The population around the Chesapeake Bay was feared to be extinct in the mid-1990s but now thousands are believed to be there, according to Virginia Commonwealth University scientists.
Last fall, Matthew Balazik, a sturgeon research ecologist with the university and the U.S. Army Corps of Engineers, netted more than 200 baby Atlantic sturgeon in the James River — the first seen there in years. "This could be a kind of a comeback generation," Balazik said.
While not every river is seeing improvement, overall Atlantic sturgeon appear to be slowly recovering after a species-wide fishing moratorium went into effect in 1998, according to Atlantic States Marine Fisheries Commission analysis.
The shortnose sturgeon also shows signs of bouncing back, with the population nearly doubling from about 5,100 in the late 1970s to more than 9,400 around 2000 in Maine's Kennebec River - and likely, researchers say, still rising.

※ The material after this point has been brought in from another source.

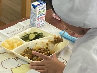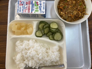 今日の給食のメニューは、大豆入りキーマカレーライス、きゅうりのサラダ、洋なし(缶)、牛乳、でした。大豆入りキーマカレーライスは大豆と豚レバー(チップ)を使っています。レバーは少しくせのある食べ物ですが、細かくした豚レバーをひき肉と一緒に使うことで、食べやすくなるように工夫しています。レバーには血を作る鉄分が多く含まれています。きゅうりのサラダはあっさり味でした。洋なし(缶)は冷たく甘くておいしかったです。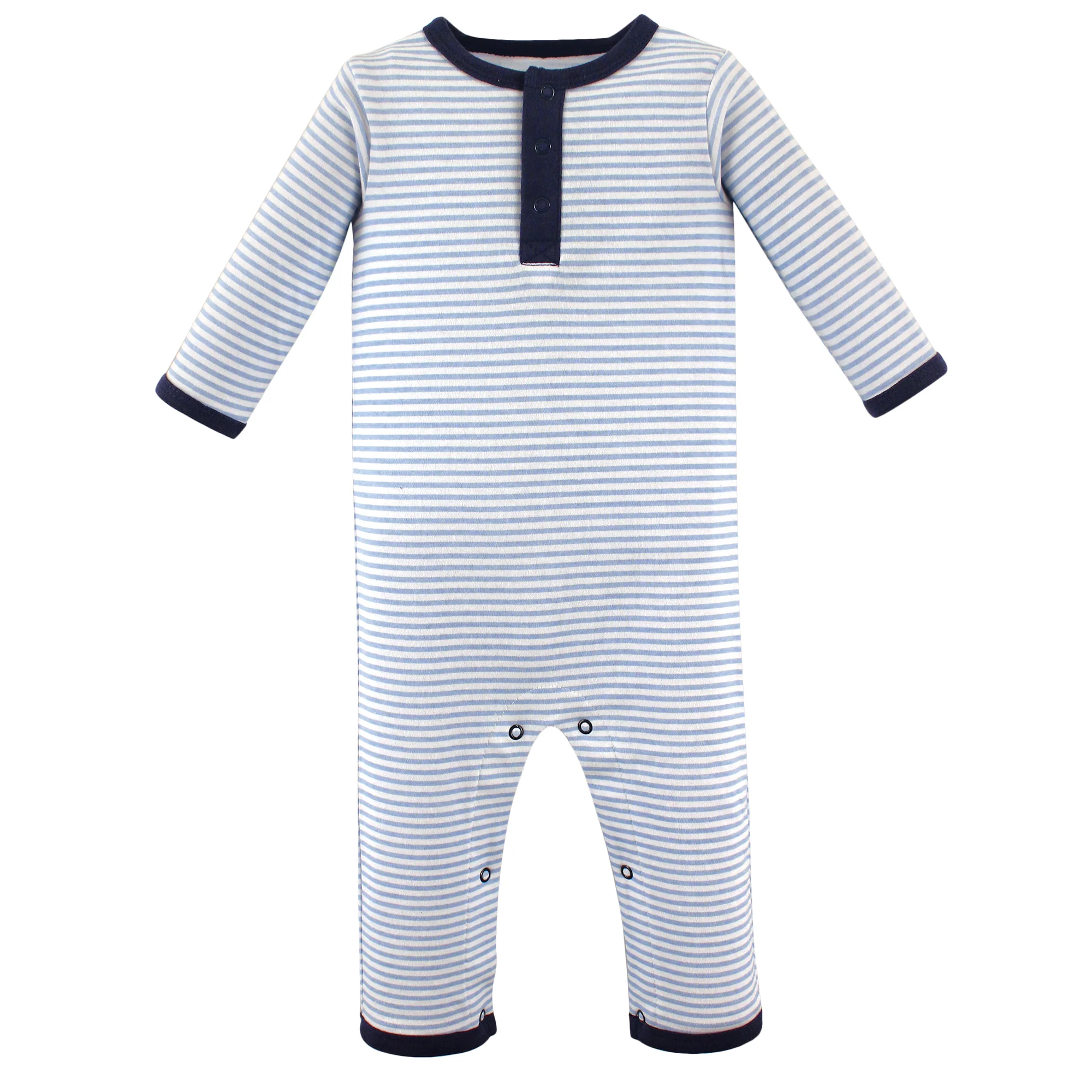 - Stripe-print coverall with tagless henley neckline and color coordinated rib-knit trim

Wippelhauser credits cleaner water: "They used to just dump sewage into the river. There were paper mills that used to dump chemicals in."
Lake sturgeon are waging a slow but steady comeback, benefiting from fishing limits and stocking programs, some by Native American tribes. But dam construction over more than a century has slowed the recovery.
One solution has been a fish elevator and tanks that haul them around two hydroelectric dams on the Menominee River, which flows between Wisconsin and Michigan's Upper Peninsula.
The species still faces various threats including the Gulf Coast's ever-warmer waters, said Adam Kaeser, an aquatic ecologist with the U.S. Fish and Wildlife Service.
Decimated by dams, only one Alabama sturgeon has been caught since 2007, but DNA tests of river water confirm some are still there.
"They're hanging on," said biologist Steve Rider with the Alabama Department of Conservation and Natural Resources. "But they're barely hanging on."